1. Cut butter into 1-inch cubes, and place in the freezer for 20 minutes or until very cold.
2.In a food processor, add the flour, sugar and salt and process until combined. Add the butter and process until the mixture resembles coarse meal, about 15 seconds.
3. Pour in the ice water through the feed tube in a slow, steady stream, and process until the dough just holds together when pinched. If necessary, add more water. Do not process more than 30 seconds.
4. Turn the dough out onto a floured work surface and gather it into a ball. Divide the dough in half, flatten each half into a 6-inch disk, cover with plastic wrap and refrigerate for at least 1 hour and up to overnight before using. If not using right away, you can freeze unrolled dough for up to 1 month. Just let it thaw in the refrigerator overnight.
5. After the dough has chilled sufficiently, remove 1 disk from the refrigerator and place it on a lightly floured surface. Roll the dough into a 12-inch circle. To prevent the dough from sticking to your surface and to ensure uniform thickness, keep lifting it up and turning it a quarter turn as you roll. Always roll from the center of the dough outward.
6. Fold the dough in half and gently transfer it to a 9-inch pie pan. Press the dough gently against the sides of the pan. Brush off any excess flour and tuck the overhanging dough under itself, crimping as desired. Cover with plastic wrap and refrigerate for about 30 minutes before filling.

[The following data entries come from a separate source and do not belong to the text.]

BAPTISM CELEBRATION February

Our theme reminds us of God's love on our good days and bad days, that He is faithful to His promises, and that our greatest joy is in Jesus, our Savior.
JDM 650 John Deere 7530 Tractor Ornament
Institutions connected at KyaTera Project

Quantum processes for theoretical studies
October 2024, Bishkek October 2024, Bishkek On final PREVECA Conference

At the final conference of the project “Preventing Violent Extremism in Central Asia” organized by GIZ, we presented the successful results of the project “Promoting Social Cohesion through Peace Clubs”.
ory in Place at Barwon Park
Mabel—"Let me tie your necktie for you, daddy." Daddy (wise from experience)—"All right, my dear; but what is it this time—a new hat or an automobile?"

7. If you are making a crust to top your pie, remove the second disk of dough from the refrigerator and roll it into a 12-inch circle on a lightly floured surface. You can choose how to top the pie with the crust.
8. Once you fill the pie, cover it with the top crust, using the method of choice, and bake according to recipe instructions.*
*If you have to blind bake your pie crust for an open-faced pie or tart, or for a pie that has a separately prepared filling, lay a piece of parchment twice the width of the pie pan over the crust and then fill the paper with pie weights or dry beans. For a par-baked crust, bake at 425⁰F for 10 to 15 minutes, or until the edges are barely golden. For a fully baked crust, bake at 425⁰F for 20 to 25 minutes until the edges are barely golden. Carefully remove the parchment and weights, reduce the heat to 375⁰F and continue to bake for 5 to 10 minutes more, or until the crust is evenly golden.

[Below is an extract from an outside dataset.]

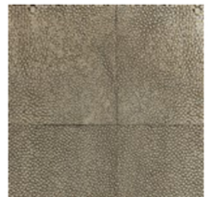
Fog Shagreen (FX)
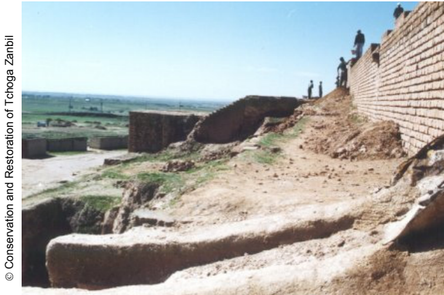
Earthen wall of Tchoga Zanbil before restoration

Tip: We recommend finishing a filled pie directly on the bottom of the oven floor, or on a pizza stone. It will help the bottom crust to crisp.
SALTED CARAMEL SAUCE
Yield: approximately 1½ cups
This is Erin’s favorite caramel recipe, and it is the only one you will ever need. It can be used in cakes and buttercreams, spooned onto ice cream, mixed into pie fillings, drizzled onto pudding or eaten straight up with a spoon.
1. Bring ½ cup of the cream, sugars, butter, corn syrup and salt to a boil in an uncovered 1½- to 2-quart, heavy-bottomed saucepan over medium-high heat. Once the sugars have dissolved, whisk the mixture a few times to combine. Continue to boil the mixture over medium-high heat, whisking occasionally, until deep dark tan bubbles form and until it has thickened and is paste-like.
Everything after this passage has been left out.